• **Directions for this task**: Below this line are records; write out exactly the lines from the one containing "Lampeskærm, samt pudebetræk" through the one containing "Calon Gubernur Sulteng", with the pictures left out.

--

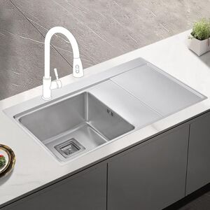 Easy to Clean JASSFERRY kitchen sinks are made of high-quality SUS304 stainless steel with a matt finish. Durable and corrosion-resistant. It can be cleaned with a soft cloth or 3M sponge scouring pad. 1.5 Bowl Design This 1.5 bowl kitchen sink is convenient for you to wash fruits and vegetables separately. The smaller bowl can also provide space to dry dishes. Right Drainboard This sink is assembled with the drainboard to the right. A large draining area will come in very handy not only when placing dishes to dry but also as an extra place for cutting vegetables or fruits Deep Bowl This sinks features a deep bowl, which prevents splashing and fits your biggest pots and stacks of dishes
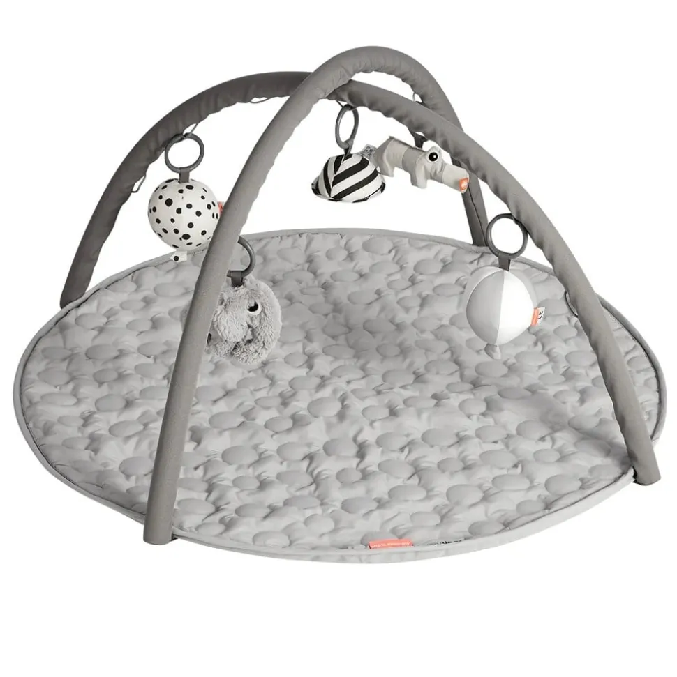 Hang het speelgoed in 13 verschillende standen aan de bogen. Croco knettert bij aanraking, Elphee rammelt, het spiegeltje glimlacht terug en de ballonnen bevatten gong en een bel – allemaal voor de stimulatie van je baby.
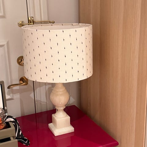 Lampeskærm, samt pudebetræk i det fineste drop fabric, med blå prikker. Lampeskærmen, kan bruges både som loftlampe og bordlampe, som set på billedet :-) Lampeskærmen måler ø30, højde 21. pudebetrækket måler 30x50, og lukkes med usynlig lynlås.
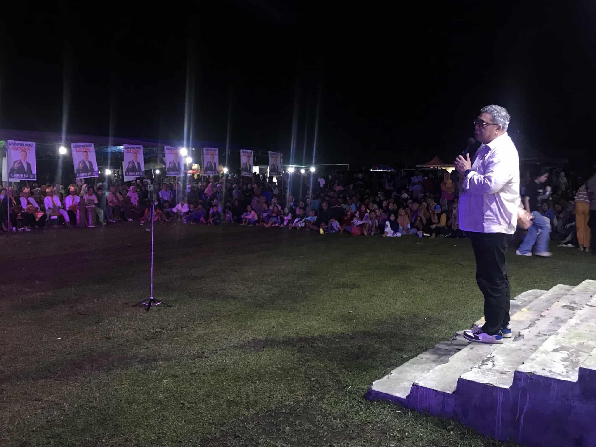 Calon Gubernur Sulteng nomor urut 1, Ahmad HM Ali berpidato di depan ratusan warga yang menghadiri kampanyenya di Bualemo, Kabupaten Banggai, Kamis (17/10/2024) malam. Foto: Tim Media Koalisi Partai BERAMAL Sulteng
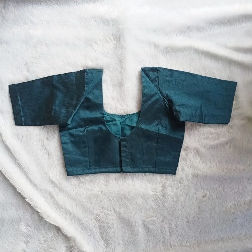 Teal Blue Round Neck Raw Silk Blouse - Fal3086

--

• **Result**:
 Lampeskærm, samt pudebetræk i det fineste drop fabric, med blå prikker. Lampeskærmen, kan bruges både som loftlampe og bordlampe, som set på billedet :-) Lampeskærmen måler ø30, højde 21. pudebetrækket måler 30x50, og lukkes med usynlig lynlås.
 Calon Gubernur Sulteng nomor urut 1, Ahmad HM Ali berpidato di depan ratusan warga yang menghadiri kampanyenya di Bualemo, Kabupaten Banggai, Kamis (17/10/2024) malam. Foto: Tim Media Koalisi Partai BERAMAL Sulteng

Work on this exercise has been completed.